I am so thankful when He stops me long enough to take these special moments in.  I pray that I don't allow myself to ever get to busy where I will miss them.

I am off to some much needed sleep, but I might go in one more time to get a short snuggle with my little firstborn.

Monday, November 8, 2010

Imagine

Dare I dream?

A cool river gently running, the water is so refreshing.  Along side there are bluffs to climb and forests to explore.  The excitement and amazement of the beauty that is there to for me to find.  To my delight I discovery something wonderful.  I show You and see the approval on Your face and that You share in my delight.  As I continue in this place of awe and wonder You walk with me, enjoying me.  You are so patient and genuinly happy to just be with me.  You encourage me to go on.  I  run like a child so carefree then I stop to sit by You, to talk, to listen.  You tell me of how much You love me, not for what I've done, but simply for who I am.  My heart is exploding with love and desire for more of You...

Monday, November 1, 2010

I am once again at this point of being able to see how much I have grown and what I have overcome.  I am grateful for His changing me and molding me.  I am happy to see the progress.  Yet I also can see that I have so far to go.  It seems as though when I get through one thing it opens the door to so much more that I have yet to touch.  Sometimes I wish I could live blissfully unaware, but I would be living so shallowly in love and friendship, in peace and hope.

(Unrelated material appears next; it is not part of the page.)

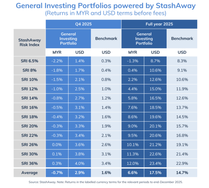 StashAway’s reported 2025 full year returns were 20.6% (in US dollars) for the 22% risk index portfolio and 23.4% for the 36% risk index portfolio — 3.8% and 0.5% higher than their benchmarks (StashAway compares the performance of their funds to that of the FTSE All World Index for equities and the FTSE World Government Bond Index for bonds).

I cling to Him more with the deeper realization of how incompetant I am on my own to become who I am suppose to be.  Even this in my mind it always changing to some degree.  Yet the more I let go of and give to Him the more free that I become.

I have so far to go, but it will not become an idol in my life.  I will focus on His face, who He is, and how He sees me so that one day I can look back and see, all of these things that are now in front of me, far behind.  And yes there will be more that come into focus because I am always a work in progress, but His grace and jealous love for me will continue to move me through.  One day I will stand at His throne and not be able to recognize the person who I was when I started this amazing journey of faith!